Task statement:
In the answer, transcribe exactly the lines from the beginning of the material through the line holding "A wonderful bohemian", and skip every picture.

---------- Exercise data ----------

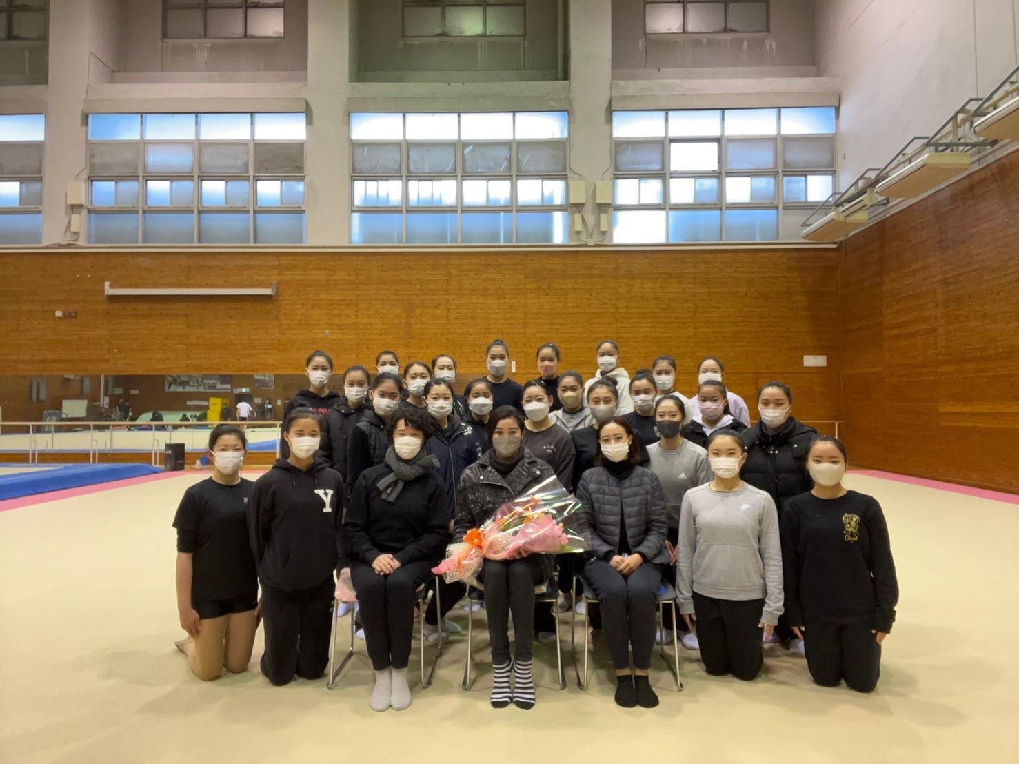 フェアリージャパンの松原梨恵選手がご挨拶に来てくださいました。 松原選手が今までひたむきに新体操と向き合ってきた姿に部員一同、とても感銘を受けました。また、国士舘大学卒業生としてご活躍されたことを誇りに思います。 松原選手はこれで引退となってしまいますが、新たなご活躍とご健闘をお祈り致します。 国士舘大学新体操部一同も、さらに飛躍出来るよう頑張ります。
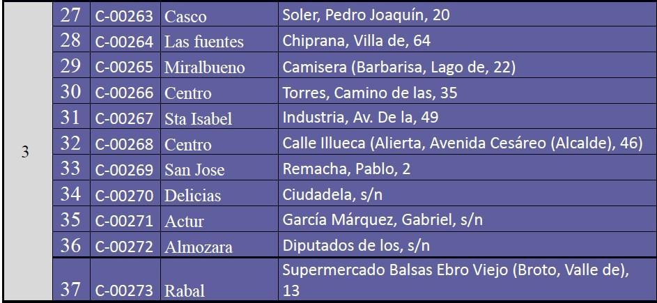 Finamente, el Lote 3, con 11 puntos de recarga y 46 plazas, de la UTE E-Gedesel-Gonzalvo, tendrá estaciones en Casco Histórico, Las Fuentes, Miralbueno, Centro, Santa Isabel, Delicias, Actur, Almozara y Rabal.
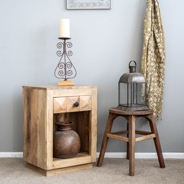 A wonderful bohemian style bedside table with beautifully detailed hand carving work.
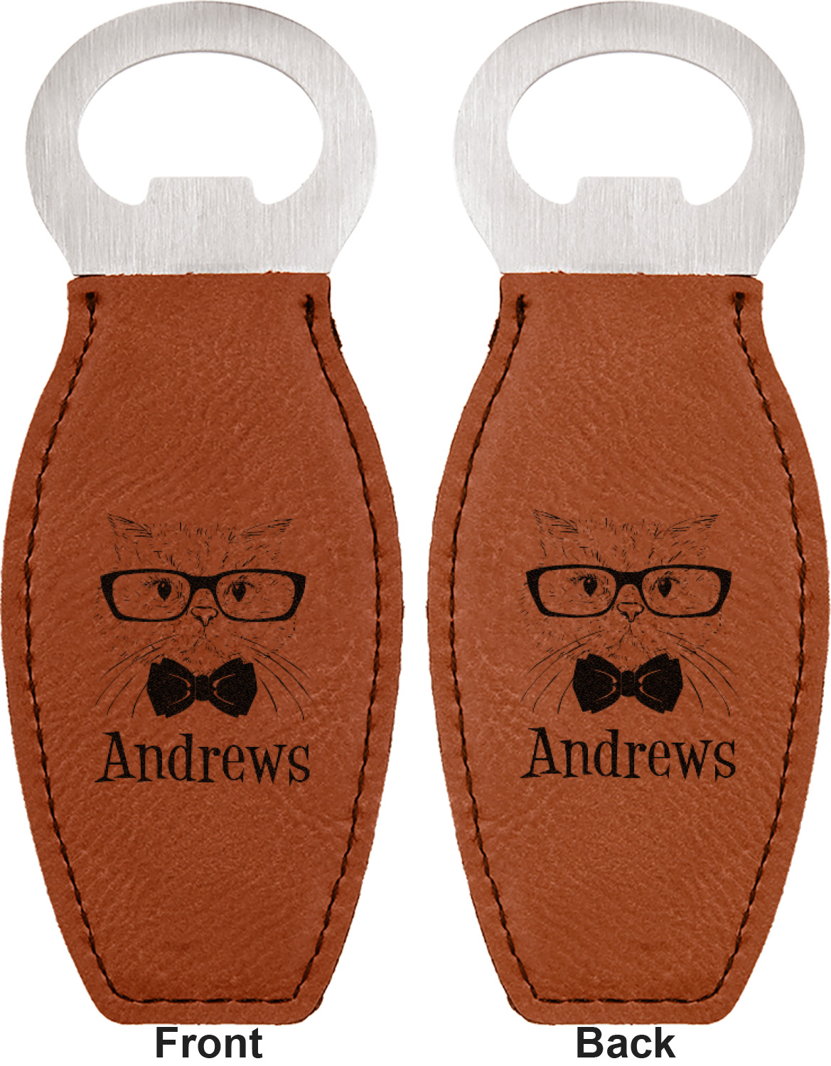 Built from stainless steel, these custom bottle openers are wrapped in a cognac-colored leatherette. Sharp, black stitching lines the edges for extra durability and a finished touch. Your personalization is laser-engraved onto the surface of this leatherette, leaving behind a crisp, black coloration. At 4.6 by 1.8 inches, this beer bottle opener gives you much of leverage when trying to open a stubborn bottle. On the opposite end of the opener, you'll find a magnet that you can use to display your new, unique bottle opener!
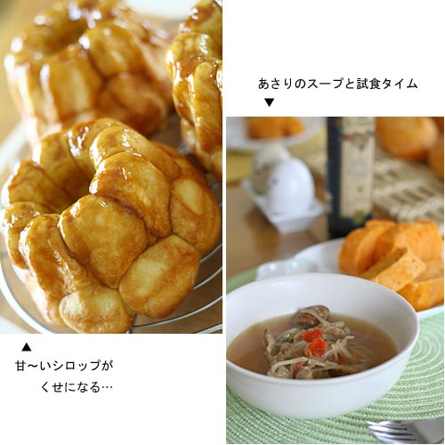 今月のパン教室のメニューはモンキーブレッドとポモドーロ。
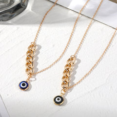 Elevate your accessories collection with this stylish gold chain necklace featuring a striking evil eye pendant. The combination of a delicate chain and bold, chunky links creates a perfect balance of elegance and edge. The evil eye charm, believed to ward off negative energy, adds a meaningful touch to this chic jewelry piece. Ideal for everyday wear or special occasions, this necklace is a versatile addition to any outfit.
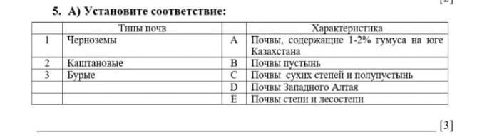 3. Бурые А почвы, содержащие 1-2% гумуса на юге Казахстана; B почвы пустынь серо- бурые.

----------

Exercise solution:
 フェアリージャパンの松原梨恵選手がご挨拶に来てくださいました。 松原選手が今までひたむきに新体操と向き合ってきた姿に部員一同、とても感銘を受けました。また、国士舘大学卒業生としてご活躍されたことを誇りに思います。 松原選手はこれで引退となってしまいますが、新たなご活躍とご健闘をお祈り致します。 国士舘大学新体操部一同も、さらに飛躍出来るよう頑張ります。
 Finamente, el Lote 3, con 11 puntos de recarga y 46 plazas, de la UTE E-Gedesel-Gonzalvo, tendrá estaciones en Casco Histórico, Las Fuentes, Miralbueno, Centro, Santa Isabel, Delicias, Actur, Almozara y Rabal.
 A wonderful bohemian style bedside table with beautifully detailed hand carving work.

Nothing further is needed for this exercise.